-- Given material --
↓↓↓

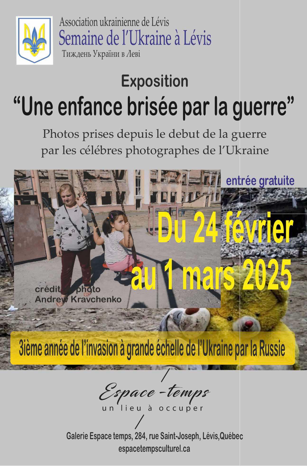 En ce triste 3’ième anniversaire de l’agression russe à l’endroit de l’Ukraine et de son peuple, et dans le cadre de la semaine Semaine de l’Ukraine à Lévis, nous vous invitons à cette exposition qui se tiendras à 19h00 à la Galerie Espace-temps, située au 284 rue Saint-Joseph à Lévis. Merci de soutenir l’Ukraine!
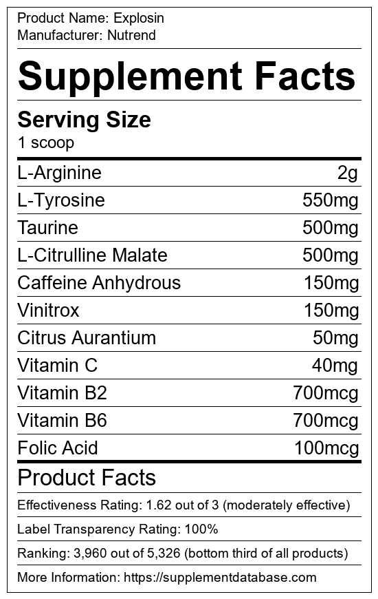 Explosin is a pre-workout supplement manufactured by Nutrend. It ranks 1,627 out of 1,898 pre-workout supplements and earned an overall thumbs-down recommendation based on seven factors including nutrition label transparency, ingredients, dosing, claims, research rating, and ranking.
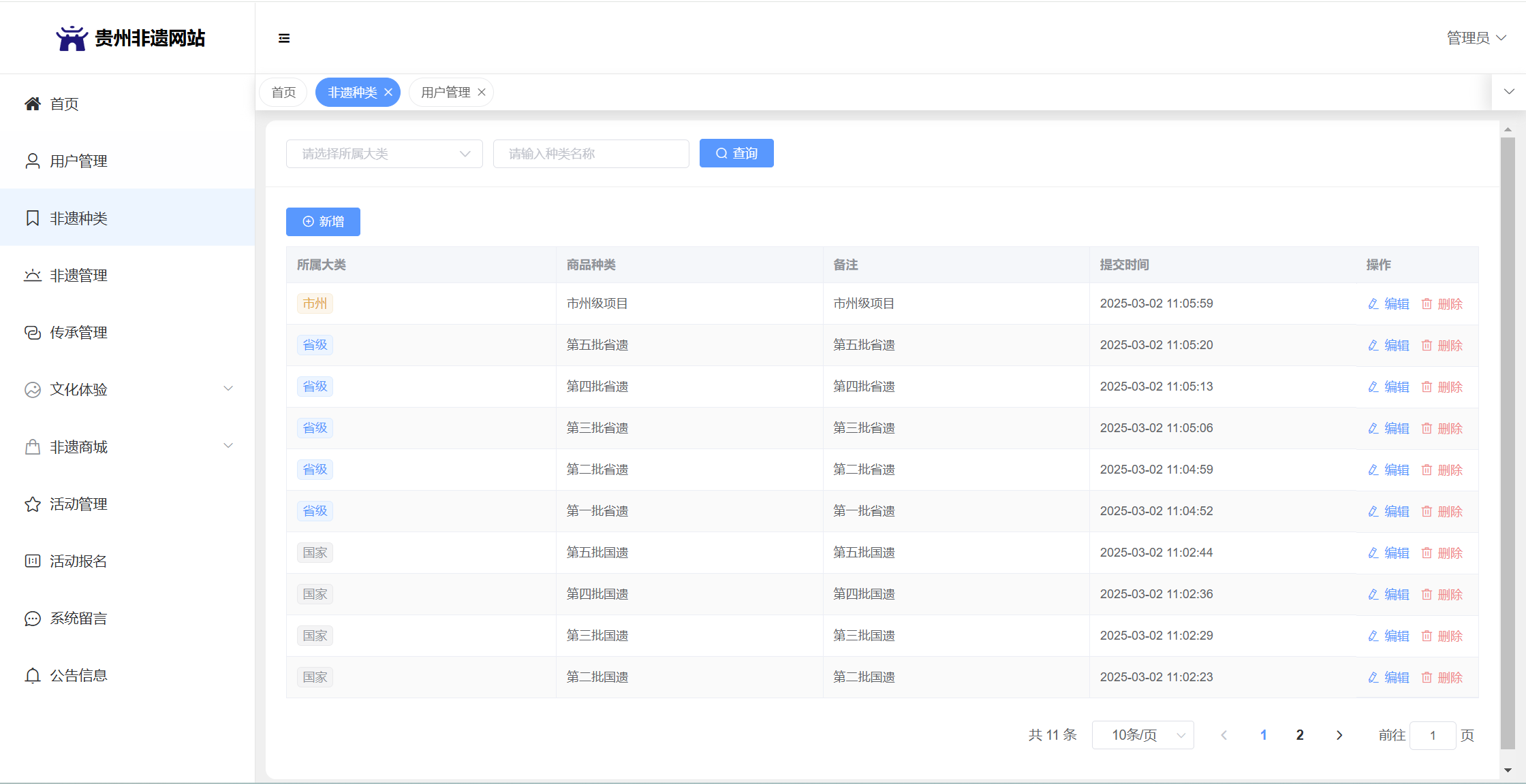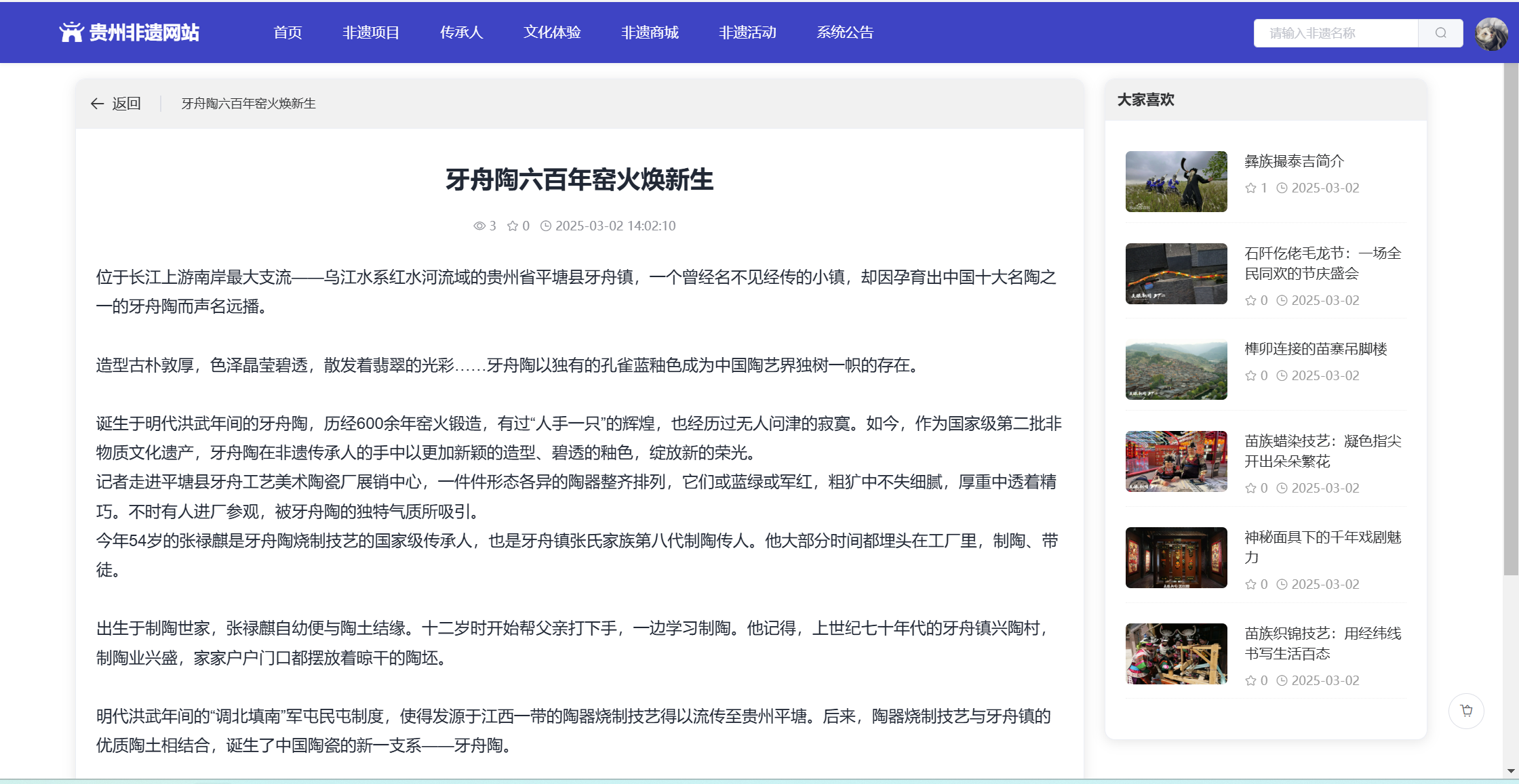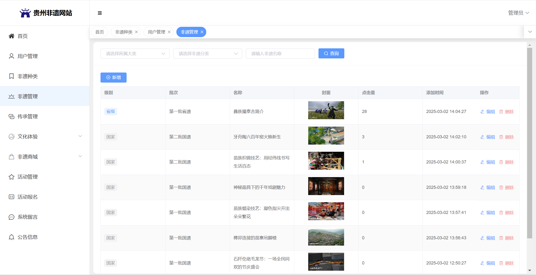 基于SpringBoot+Vue前后端分离的贵州非遗网站,系统包含管理员、用户角色,功能如下:

↑↑↑

-- Exercise goal --
Could the lines from the one with "Explosin is a" through the last line of the material above be written out exactly, both included, with pictures left out?

-- Task answer --
 Explosin is a pre-workout supplement manufactured by Nutrend. It ranks 1,627 out of 1,898 pre-workout supplements and earned an overall thumbs-down recommendation based on seven factors including nutrition label transparency, ingredients, dosing, claims, research rating, and ranking.
 基于SpringBoot+Vue前后端分离的贵州非遗网站,系统包含管理员、用户角色,功能如下:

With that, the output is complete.